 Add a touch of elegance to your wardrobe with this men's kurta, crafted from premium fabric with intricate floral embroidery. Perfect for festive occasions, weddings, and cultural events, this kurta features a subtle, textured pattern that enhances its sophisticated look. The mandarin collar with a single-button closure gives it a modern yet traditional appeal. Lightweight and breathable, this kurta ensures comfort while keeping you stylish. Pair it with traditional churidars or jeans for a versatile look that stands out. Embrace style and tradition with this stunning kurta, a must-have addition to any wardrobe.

---

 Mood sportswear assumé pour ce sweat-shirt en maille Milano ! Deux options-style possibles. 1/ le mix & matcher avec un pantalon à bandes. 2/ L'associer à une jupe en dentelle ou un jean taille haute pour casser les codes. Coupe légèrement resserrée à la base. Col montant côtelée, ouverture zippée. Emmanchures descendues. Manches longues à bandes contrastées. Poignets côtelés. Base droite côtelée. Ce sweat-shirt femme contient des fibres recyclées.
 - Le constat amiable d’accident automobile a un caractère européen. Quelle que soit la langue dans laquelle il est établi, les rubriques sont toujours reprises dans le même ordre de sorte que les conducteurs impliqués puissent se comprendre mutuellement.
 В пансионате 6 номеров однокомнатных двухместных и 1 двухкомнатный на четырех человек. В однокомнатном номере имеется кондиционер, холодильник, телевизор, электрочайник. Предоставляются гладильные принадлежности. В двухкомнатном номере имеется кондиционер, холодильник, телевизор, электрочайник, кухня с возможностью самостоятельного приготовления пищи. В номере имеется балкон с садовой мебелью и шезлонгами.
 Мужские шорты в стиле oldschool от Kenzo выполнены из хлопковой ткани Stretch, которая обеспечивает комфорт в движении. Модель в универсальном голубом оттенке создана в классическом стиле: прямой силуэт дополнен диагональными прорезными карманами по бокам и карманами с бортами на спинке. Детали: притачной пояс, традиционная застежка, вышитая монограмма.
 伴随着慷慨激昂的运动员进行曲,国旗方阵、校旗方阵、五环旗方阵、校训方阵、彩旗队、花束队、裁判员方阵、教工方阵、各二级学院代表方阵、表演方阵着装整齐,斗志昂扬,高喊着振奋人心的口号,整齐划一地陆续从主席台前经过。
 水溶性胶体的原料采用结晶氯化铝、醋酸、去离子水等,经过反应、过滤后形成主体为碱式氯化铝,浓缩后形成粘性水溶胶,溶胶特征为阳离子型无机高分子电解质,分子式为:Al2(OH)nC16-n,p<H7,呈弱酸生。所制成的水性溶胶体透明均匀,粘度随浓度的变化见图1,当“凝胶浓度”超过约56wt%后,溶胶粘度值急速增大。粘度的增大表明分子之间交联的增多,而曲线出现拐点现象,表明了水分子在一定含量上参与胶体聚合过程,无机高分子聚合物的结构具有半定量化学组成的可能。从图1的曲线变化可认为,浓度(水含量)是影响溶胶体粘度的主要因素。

---

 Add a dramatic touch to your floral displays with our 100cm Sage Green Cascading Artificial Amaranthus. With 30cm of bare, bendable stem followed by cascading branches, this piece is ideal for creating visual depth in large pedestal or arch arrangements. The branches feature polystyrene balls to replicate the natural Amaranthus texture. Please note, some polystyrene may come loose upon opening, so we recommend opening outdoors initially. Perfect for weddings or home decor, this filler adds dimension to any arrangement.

Instructions for the task:
In the listing above, locate the line containing "Мужские шорты в" and the line containing "水溶性胶体的原料采用结晶氯化". Extract those two lines and every line between them, exactly as written, and only those.

Task answer:
 Мужские шорты в стиле oldschool от Kenzo выполнены из хлопковой ткани Stretch, которая обеспечивает комфорт в движении. Модель в универсальном голубом оттенке создана в классическом стиле: прямой силуэт дополнен диагональными прорезными карманами по бокам и карманами с бортами на спинке. Детали: притачной пояс, традиционная застежка, вышитая монограмма.
 伴随着慷慨激昂的运动员进行曲,国旗方阵、校旗方阵、五环旗方阵、校训方阵、彩旗队、花束队、裁判员方阵、教工方阵、各二级学院代表方阵、表演方阵着装整齐,斗志昂扬,高喊着振奋人心的口号,整齐划一地陆续从主席台前经过。
 水溶性胶体的原料采用结晶氯化铝、醋酸、去离子水等,经过反应、过滤后形成主体为碱式氯化铝,浓缩后形成粘性水溶胶,溶胶特征为阳离子型无机高分子电解质,分子式为:Al2(OH)nC16-n,p<H7,呈弱酸生。所制成的水性溶胶体透明均匀,粘度随浓度的变化见图1,当“凝胶浓度”超过约56wt%后,溶胶粘度值急速增大。粘度的增大表明分子之间交联的增多,而曲线出现拐点现象,表明了水分子在一定含量上参与胶体聚合过程,无机高分子聚合物的结构具有半定量化学组成的可能。从图1的曲线变化可认为,浓度(水含量)是影响溶胶体粘度的主要因素。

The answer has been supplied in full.